Winslow Township was incorporated as a township by an act of the New Jersey Legislature on March 8, 1845, from portions of Gloucester Township. Portions of the township were taken on November 26, 1867, to create Chesilhurst. In 1950, the township annexed a portion of Monroe Township in Gloucester County. The township is part of the South Jersey region of the state.

History
Winslow Township is Camden County's largest municipality at . The township got its name from the son of a 19th-century glass factory owner, William Coffin Sr., who bought large tracts of timber in Camden County about six miles west of Hammonton and with his son-in-law in 1929. Thomas Jefferson Perce and William Coffin Jr., built the Winslow Glass Works (his second one in 12 years) in the midst of a thick pine forest. The community was named for Senior Coffin's youngest son, Edward Winslow Coffin.

Winslow Township was incorporated in 1845 from the Township of Gloucester. The township's very first meeting was held at Josiah Albertson's Blue Anchor Inn which was located on what is now Route 73 in the vicinity of St Lucy's Church.
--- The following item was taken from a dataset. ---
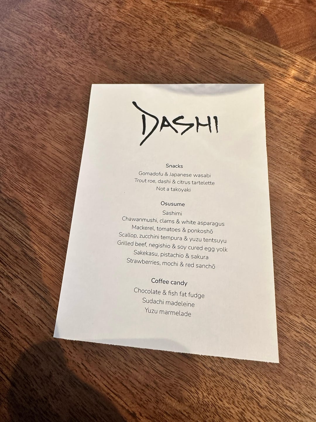 The highlights of the meal were the consistent creative uses of dashi throughout the menu, the seasonal mackerel and tomato dish, the richness of the umami main course and the two desserts which were both far above expectations (especially as someone who usually doesn’t love desserts). The toffee sweet at the end used fish scales from the previous dishes and was incredible.

During its early years Winslow was known for its thriving glass business which developed as a result of the township's abundant resources of timber, clay, and sand, though by the start of the 20th century the glass industry died throughout Winslow. During the early 20th century, Winslow's population continued to grow until it  peaked at a small 11,000 residents by the 1970s.  During this time period the majority of Winslow residents were farmers.  In 1965, Winslow township started to see an increase in population as the Atlantic City Expressway was completed with an interchange in Winslow at Williamstown Road. The proximity of the interchange drew developers towards the Sicklerville section of the township, where Levitt & Sons would build thousands of homes throughout the 1970s. Between 1970 and 1980, Winslow's population nearly doubled to 20,000 residents.

As of 2006, 80% of the township currently sits in the Pinelands National Reserve, thus restricting future land development.  Despite the restriction of development on the reserve, agricultural areas still persist in Winslow.

The township is also served by two area codes, 856 and 609. When area code 609 was split in 1999, the southern/eastern end in the township (primarily those with a Hammonton mailing address, Cedar Brook, and a small section of Sickerville) were left in the 609 code, while the other sections closer to Berlin and Williamstown  received 856 as their area code.

Landmarks
St Lucy's Roman Catholic Church, Route 73. It became a parish in 1961.  The Rev. Edward McDaid is pastor.
Bates Mills Cemetery is a cemetery located on South Erhke Road in Blue Anchor, Today passersby can observe a number of very old grave stones with hardly visible faded initials engraved upon them.  The stones seem to be made from iron ore.
Pinelands National Reserve
Levitt and Sons Incorporated built Winslow Crossing in the 1970s in Sicklerville. The complexes that were built at that time were Primrose Gate, Manor Hall, Victoria Manor, Eden Hollow, Lehigh Manor, Arbor Meadows and Ivy Meadows.
In 1972, the Lutheran affiliated Winslow Community Church opens in the Cedar Brook Hunting and Fishing Club.

Historical timeline
1845: Winslow is incorporated from parts of Gloucester Township.
1920: Albion School is built.
1923: Sicklerville School is built.
1925: St. Lucys Roman Catholic Church begins in the Blue Anchor section of Winslow Township as a mission to Our Lady of Mount Carmel Church in Berlin, New Jersey.
1928: Blue Anchor and Tansboro Schools are built.
1940: Closed Dunbarton and North Tansboro Schools are sold.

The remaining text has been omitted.